Data records:
----
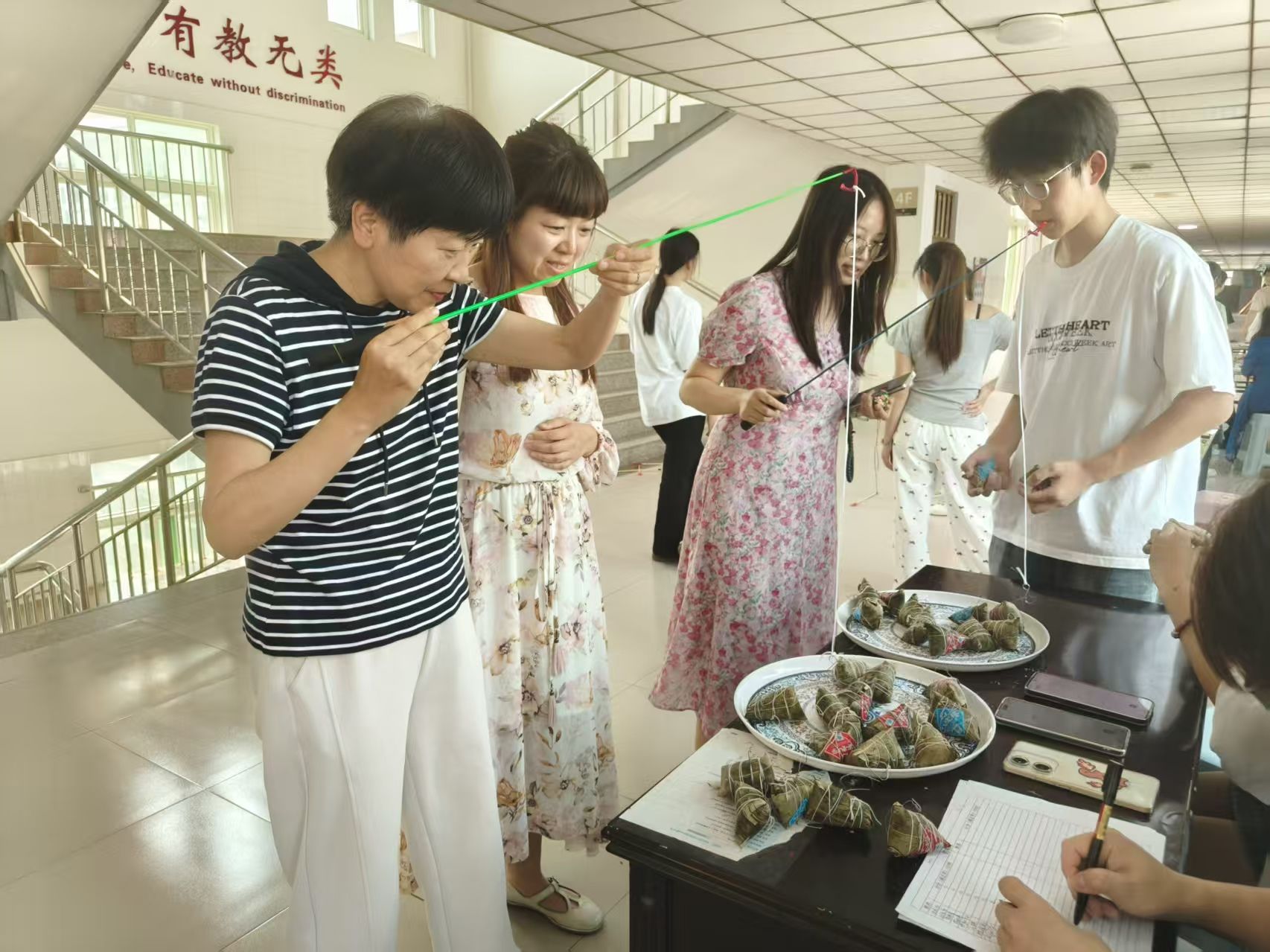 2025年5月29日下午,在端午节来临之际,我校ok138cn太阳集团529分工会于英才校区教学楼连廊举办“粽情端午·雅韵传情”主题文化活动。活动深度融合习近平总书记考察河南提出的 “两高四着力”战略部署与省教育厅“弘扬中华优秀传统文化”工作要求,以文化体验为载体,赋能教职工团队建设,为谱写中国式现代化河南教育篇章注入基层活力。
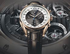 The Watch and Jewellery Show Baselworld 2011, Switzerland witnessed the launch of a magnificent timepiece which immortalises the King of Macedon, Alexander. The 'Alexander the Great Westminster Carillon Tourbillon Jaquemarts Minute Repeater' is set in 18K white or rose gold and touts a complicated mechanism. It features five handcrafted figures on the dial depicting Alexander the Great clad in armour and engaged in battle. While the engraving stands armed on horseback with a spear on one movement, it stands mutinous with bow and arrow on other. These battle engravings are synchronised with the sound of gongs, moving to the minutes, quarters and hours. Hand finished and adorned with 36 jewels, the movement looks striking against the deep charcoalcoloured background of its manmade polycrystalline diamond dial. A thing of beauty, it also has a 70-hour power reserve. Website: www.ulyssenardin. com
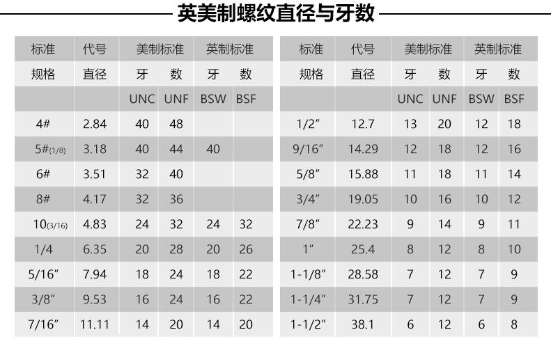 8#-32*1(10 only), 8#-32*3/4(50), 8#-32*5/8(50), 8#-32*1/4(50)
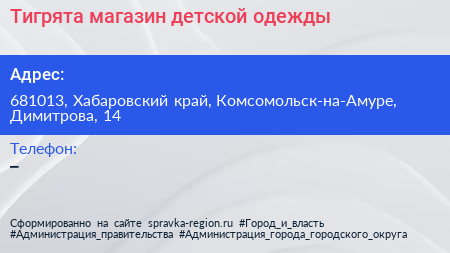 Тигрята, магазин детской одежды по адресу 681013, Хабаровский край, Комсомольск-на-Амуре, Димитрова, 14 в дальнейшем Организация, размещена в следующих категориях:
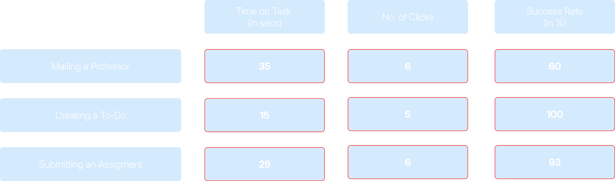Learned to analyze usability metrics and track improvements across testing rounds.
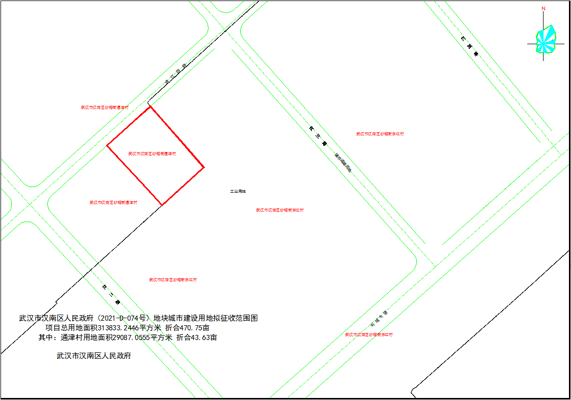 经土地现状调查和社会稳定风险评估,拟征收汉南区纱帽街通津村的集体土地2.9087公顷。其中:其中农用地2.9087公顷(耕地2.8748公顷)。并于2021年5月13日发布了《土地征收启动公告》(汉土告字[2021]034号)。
----
## WORK INSTRUCTION:
Repeat the lines above exactly, beginning with the one containing "8#-32*1(10 only), 8#-32*3/4(50), 8#-32*5/8(50), 8#-32*1/4(50)" and finishing with the one containing "Learned to analyze". No pictures belong in the copy.

## ANSWER:
 8#-32*1(10 only), 8#-32*3/4(50), 8#-32*5/8(50), 8#-32*1/4(50)
 Тигрята, магазин детской одежды по адресу 681013, Хабаровский край, Комсомольск-на-Амуре, Димитрова, 14 в дальнейшем Организация, размещена в следующих категориях:
Learned to analyze usability metrics and track improvements across testing rounds.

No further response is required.